Pharmacokinetic Study of Cabotegravir Long-acting in Healthy Adult Volunteers
Status:
Completed
Trial end date:
2019-07-25
Target enrollment:
Participant gender:
Summary
Cabotegravir (CAB) long-acting (LA) is a promising candidate for human immunodeficiency virus
(HIV) pre exposure prophylaxis (PrEP) due to its potent antiretroviral activity and
infrequent dosing requirements. Currently, the CAB concentrations achieved in the anatomical
sites associated with sexual HIV transmission following the proposed 600 milligram (mg)
intramuscular (IM) PrEP dose are unknown. These data will enhance our understanding of CAB
distribution to the anatomical mucosal tissue believed to be relevant to sexual HIV-1
transmission and supplement the data to support future PrEP clinical trial development. The
primary objective is to determine the PK concentrations of CAB following LA administration in
plasma and in vaginal tissue (VT), cervical tissue (CT), and cervicovaginal fluid (CVF) in
healthy women and in rectal tissue (RT) and rectal fluid (RF) in healthy men and women
following a single 600 mg IM dose.

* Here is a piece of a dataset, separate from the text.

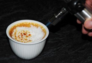 8. Sprinkle 1½ teaspoons of castor sugar evenly over the top of each Brûlée. Place under the grill and cook for 2-3 minutes or until sugar bubbles and caramelises. (If you own a kitchen blowtorch, run this over the sugar until it caramelises).

This will be a Phase 1, open label study in healthy
subjects to assess the pharmacokinetics of CAB LA in the plasma and mucosal locations
associated with sexual HIV-1 transmission: VT, CT, CVF, RT and RF. The study will consist of
a screening period, a 28-day oral lead-in phase at a dose of 30 mg per day followed by a
14-42 day washout period, and a single dose of CAB LA 600 mg as an IM (intragluteal)
injection with compartmental pharmacokinetic (PK) sampling for up to 12 weeks. Subjects will
return for safety assessments and plasma PK sampling at Week 24 and Week 36 post-injection
and undergo a follow-up/withdrawal visit at Week 52 post-injection.